Maybe try something out of the new Chinese recipe book " 25 ways to WOK your dog" .. :glutton:


----------



## SteveMc (10 mo ago)

Check this video out. It doesnt look too bad actually... I'd give it a try.


----------



## hassell (Feb 9, 2010)

Times are tough for those boys, the stench would be in the fur as they roll in their kills, wolves are worse, the handling would be the key.


----------



## murphyranch (Dec 9, 2015)

I think I’d eat raccoon , Crow or beaver before I had to eat the coyote. 

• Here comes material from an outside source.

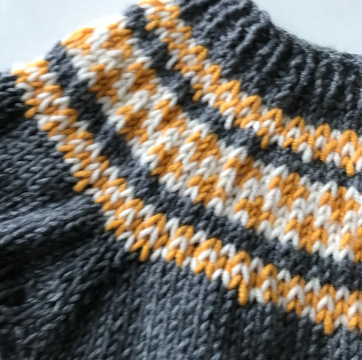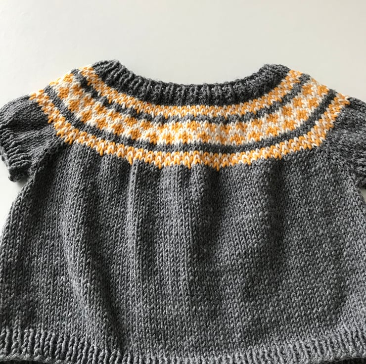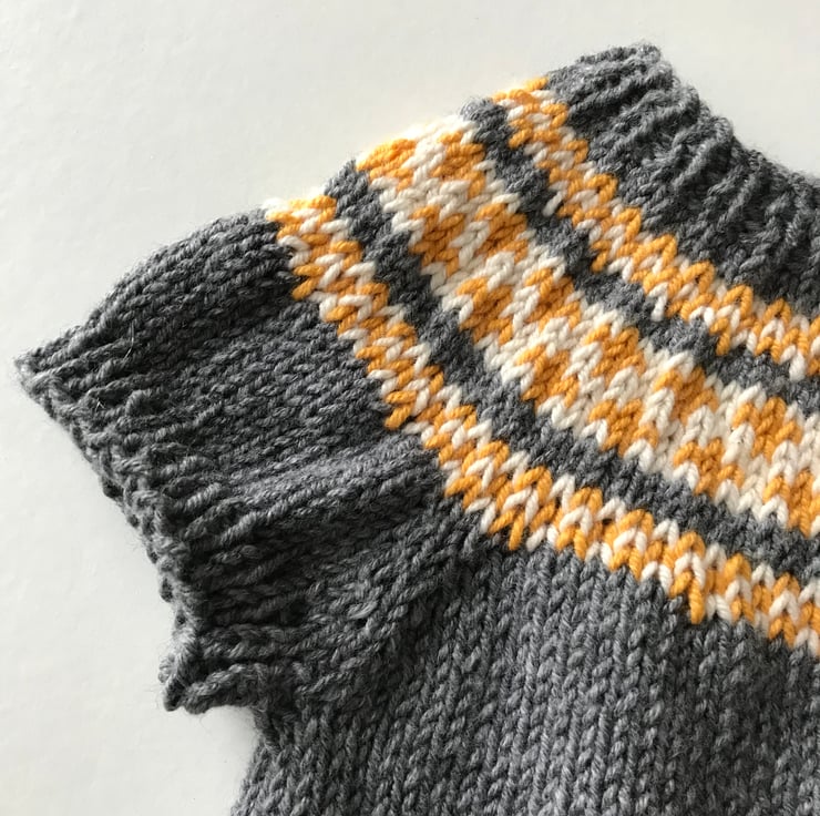 The bright fair isle yoke of the cardigan against the dark grey attracted me to knit this cardigan in the colours illustrated on the pattern. It was a bit of a challenge as the yarn has been discontinued ( a shame because it is gorgeous) and I had to source different shops. Well worth it though as the finished cardigan lives up to the pattern name of sunshine yellow.

Sent from my iPad using Tapatalk


----------



## kiyote (Jun 15, 2014)

people eat all sorts of weird things. chilled monkey brains. chinese like dog ,cat and horse . many hunters in the states will eat mtn lion . I see no particular difference with yote.
hell , if hungry enough I would chew the ass end out of a dead rino.
thankfully ,I have yet to be that hungry.

if ever I am, I will try yote. but not before.

I've heard they taste like human.


----------



## hassell (Feb 9, 2010)

Mtn. lion is very good.


----------



## kiyote (Jun 15, 2014)

hassell said:


> Mtn. lion is very good.


that is what I am saying.

so what makes yote undesirable while so many love the kitty?

just a state of mind.


----------



## SteveMc (10 mo ago)

Ya i think its more of a mental thing in North America. I've got a Vietnamese buddy who has asked me several times for a coyote so he can cook her up and try it. Parts of the world think we are gross for eating beef, all depends on the culture you were raised in I guess


----------



## hassell (Feb 9, 2010)

kiyote said:


> people eat all sorts of weird things. chilled monkey brains. chinese like dog ,cat and horse . many hunters in the states will eat mtn lion . I see no particular difference with yote.
> hell , if hungry enough I would chew the ass end out of a dead rino.
> thankfully ,I have yet to be that hungry.
> 
> ...


10/4, kebob howler monkey I had while living in Panama, horse when I was young(don't remember the taste), lynx also. the rhino recipe sounds better.


----------



## hassell (Feb 9, 2010)

SteveMc said:


> Ya i think its more of a mental thing in North America. I've got a Vietnamese buddy who has asked me several times for a coyote so he can cook her up and try it. Parts of the world think we are gross for eating beef, all depends on the culture you were raised in I guess


I was doing the dry heaving while skinning a wolf in my cabin years ago so can't imagine what it would smell like torching the fur off.


----------



## kiyote (Jun 15, 2014)

lot's of folks eat squirrels . same folks would scape a possum of the road and fry it up. yet they balk at bat or rat!

nothing beats a good stinky badger!


----------



## youngdon (Mar 10, 2010)

Bat or rat ?? Yeah, let’s start another pandelerium.


----------